City planners long have known the area is ripe for a catastrophic flood. Erosion and earthquakes that threaten levees throughout the valley are especially scary because in Natomas, floods could be deeper than 23 feet.
On top of that, because the Federal Emergency Management Agency only requires 100-year protection no matter how deep the potential flood, residents aren’t required to carry federal flood insurance. As soon as levee improvements raised the level of protection to 100 years and it was certified by the feds in 1998, residents started dumping their now-optional insurance. Coverage is now at 11 percent who carry cut-rate low-risk insurance, which, at about $300 a year, is the “cost of a high-priced screen door,” according to the Sacramento Area Flood Control Agency’s executive director, Stein Buer.
Buer is philosophical about the relationship of development and flood control, saying you can’t simply avoid building in the flood plain. If that were the case, Sacramento would have been built much farther east.
“Sacramento was chartered in 1850,” he explained. “The very first year, it was flooded, and it has had many floods since then.” The confluence of the American and Sacramento rivers, while to the American Indians an unwise place to spend the winter, was “where the jobs were. The commerce was by the river. The river was the superhighway.”
By the same token, New Orleans was a strategic transshipment point for goods arriving from Europe, destined for the nation’s interior via the Mississippi River and its tributaries.
Buer’s answer to the disconnect between economic necessity and flood control was unwittingly spelled out in November in a regional planning document by the Transportation and Air Quality Collaborative.
Although the group did not deal with flood control per se, Buer commends its embrace of “smart growth” principles, such as clustering high-density development around transportation hubs, principally by filling in gaps in already developed areas.
“We are not suggesting that you avoid flood-plain development altogether,” Buer said, “but where you do develop, you should seek to densely populate that area and defend it well.”
I.e., grow up, not out, as much as possible. That means building smaller areas of condos and maybe houses on smaller lots, not “sprawling all over the landscape,” forcing the protection of larger and larger expanses of flood plain. After limiting the area to be developed, then reduce the flood risk, perhaps to as low as a 1 in 1,000 probability of flooding, closer to the standard adopted by the Dutch in their efforts to hold back the North Sea.
“I’ve been there. I’ve stood on those levees. They’re armed with stone,” Buer recalled wistfully.
But such is not the reality along the valley’s rivers. The $40 million approved by Congress for the area’s flood control last month won’t come close to providing the kind of protection that will knock Sacramento out of first place for the most flood-threatened U.S. city. Improving Folsom Dam on the American River is now running upward of $600 million, and Representative John Doolittle, R-Roseville, is agitating for a revival of an even more expensive and environmentally untenable dam project in Auburn.
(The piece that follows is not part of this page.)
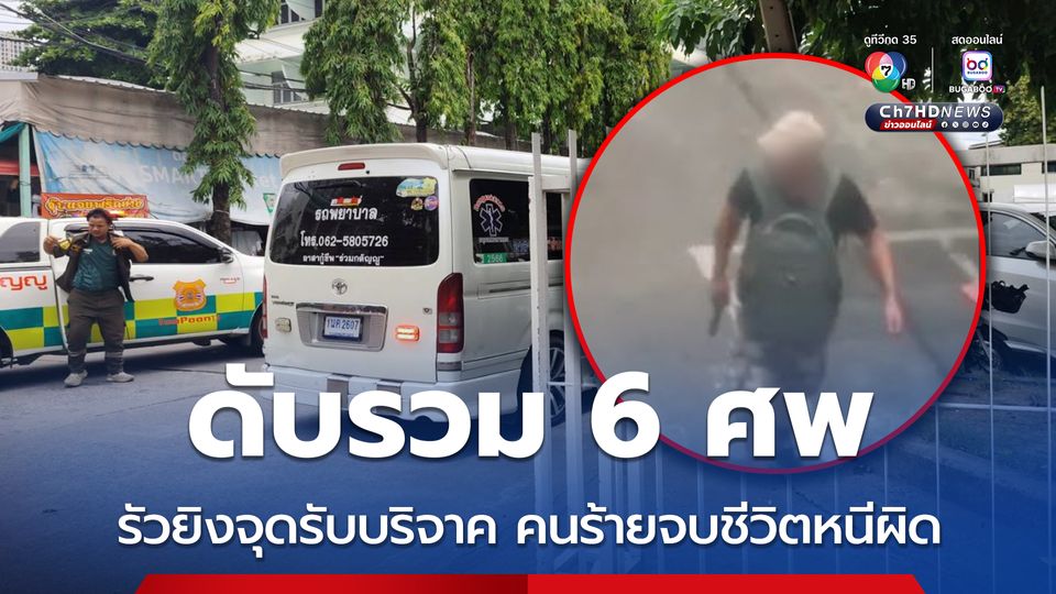 จบชีวิตหนีผิด ! ชายคลั่งใช้ปืนกระบอกเดียวกันยิงตัวเอง หลังรัวยิงในจุดรับบริจาคสิ่งของส่งชายแดน ใกล้ตลาดสดชื่อดัง ย่านจตุจักร ทำให้ รปภ.เสียชีวิต 4 คน แม่ค้าเสียชีวิต 1 บาดเจ็บ 2 คน

The logic of flood control and new development may be exemplified in Yuba County, where officials have found that not only is the devil still occupying the lowlands near Olivehurst, but boy, does he have a deal for them.
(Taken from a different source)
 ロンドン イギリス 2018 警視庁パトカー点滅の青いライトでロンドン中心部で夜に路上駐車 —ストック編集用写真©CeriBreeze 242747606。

The deal involves the county building levee improvements with the help of hefty fees paid by developers. There are already 1,600 houses in the pipeline, so to speak, and there’s the potential for 15,000-18,000 new units to come.
“There are 25,000 people who have lived behind those levees for decades” and suffered a flood in 1997 when a levee failed, explained County Administrator Kent McClain. “So, what little population increase that is taking place because of the development is really kind of small in comparison to the people who have lived there all along.”